Task details: Without any images, write the data out exactly as it appears.
** Opening Data segment block **
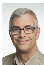
Mechanical Pulping George Court Irving Paper
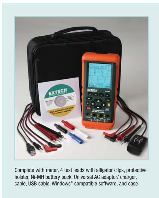
Complete with meter, 4 test leads with alligator clips, protective holster, Ni-MH battery pack, Universal AC adaptor/ charger, cable, USB cable, Windows ® compatible software, and case
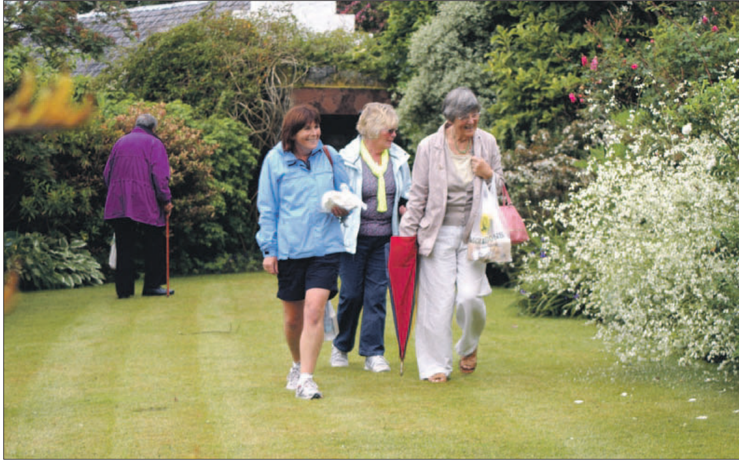
Some ladies from Whiting Bay enjoy a stroll around the magnificent gardens at Dougarie on Sunday. 01_b26gar03
** Closing Data segment block **
Solution to the problem:
Mechanical Pulping George Court Irving Paper
Complete with meter, 4 test leads with alligator clips, protective holster, Ni-MH battery pack, Universal AC adaptor/ charger, cable, USB cable, Windows ® compatible software, and case
Some ladies from Whiting Bay enjoy a stroll around the magnificent gardens at Dougarie on Sunday. 01_b26gar03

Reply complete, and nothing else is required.